Introduction
The Micro, small, and medium enterprises (MSMEs) are key drivers of economic growth, job creation, and innovation in Kenya. According to the Kenya National Bureau of Statistics 2026 Economic Survey, informal sector employment, driven overwhelmingly by MSMEs, stood at 18.1 million workers in 2025, accounting for a significant percentage of total employment. MSMEs contribute an estimated 24 to 32 percent of Kenya’s Gross Domestic Product (GDP) and remain a major source of employment. With Kenya’s economy growing by 4.6 percent in 2025 and the formal-sector job creation unable to keep pace with labour market demand, MSMEs continued to play a central role in driving economic growth and job creation.

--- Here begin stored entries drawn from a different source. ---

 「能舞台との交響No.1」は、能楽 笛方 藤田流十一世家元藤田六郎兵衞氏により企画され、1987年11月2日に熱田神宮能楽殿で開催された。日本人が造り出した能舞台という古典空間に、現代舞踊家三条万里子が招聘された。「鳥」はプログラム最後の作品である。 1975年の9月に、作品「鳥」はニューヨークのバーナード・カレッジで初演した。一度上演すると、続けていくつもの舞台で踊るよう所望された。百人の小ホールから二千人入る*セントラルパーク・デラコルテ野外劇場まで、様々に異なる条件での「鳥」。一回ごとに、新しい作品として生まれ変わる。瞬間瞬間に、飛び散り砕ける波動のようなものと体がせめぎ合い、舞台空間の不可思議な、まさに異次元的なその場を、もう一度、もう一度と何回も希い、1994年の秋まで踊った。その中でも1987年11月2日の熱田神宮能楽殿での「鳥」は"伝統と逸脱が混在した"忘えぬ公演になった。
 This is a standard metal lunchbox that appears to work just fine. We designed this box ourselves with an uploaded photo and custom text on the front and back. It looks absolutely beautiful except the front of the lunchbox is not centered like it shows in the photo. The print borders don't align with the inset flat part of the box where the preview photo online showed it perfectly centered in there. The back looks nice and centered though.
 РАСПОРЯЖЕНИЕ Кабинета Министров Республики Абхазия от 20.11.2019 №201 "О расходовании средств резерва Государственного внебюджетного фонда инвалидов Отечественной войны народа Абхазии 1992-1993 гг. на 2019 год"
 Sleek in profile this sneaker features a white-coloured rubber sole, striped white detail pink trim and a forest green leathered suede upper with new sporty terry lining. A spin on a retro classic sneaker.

Given the critical role MSMEs play, any regulatory framework that affects how businesses adopt and use emerging technologies warrants careful scrutiny. It is against this backdrop that the Artificial Intelligence Bill, 2026, Senate Bill No. 4 (the Bill), sponsored by Nominated Senator Karen Nyamu and currently before the Senate, should be examined. While the Bill represents Kenya’s first comprehensive attempt to regulate artificial intelligence (AI), some of its provisions may impose significant compliance burden on smalls businesses and MSMEs.

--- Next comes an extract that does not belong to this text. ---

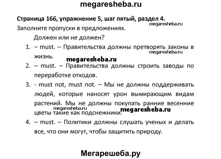 ГДЗ по английскому языку 8 класс Афанасьева новый курс (4-ый год обучения) решение к разделу: страница - 166

As Kenya marks International MSMEs Day on 27th June this year under the theme, “Human-Centered Entrepreneurship in an AI-Driven Future: Economic Empowerment for the Next Generation”, the question is not whether AI should be regulated. That presents an obvious answer. Rather, the more important issue is whether the Bill currently under debate is designed with Kenya’s 7.4 million MSMEs in mind or whether it will become yet another obstacle to the growth and formalisation of small businesses in an already complex regulatory environment.
What the Bill Proposes
The Bill adopts a definition of AI that closely mirrors that in the European Union’s AI Act. It defines AI as a machine-based system or collection of technologies that leverage machine learning, data processing, algorithmic systems or other methods to operate with varying levels of autonomy and adaptiveness, inferring outputs such as predictions, content, recommendations, or decisions from inputs, and includes systems or technologies that perform tasks typically requiring human intelligence, such as automated decision-making, language processing and computer vision.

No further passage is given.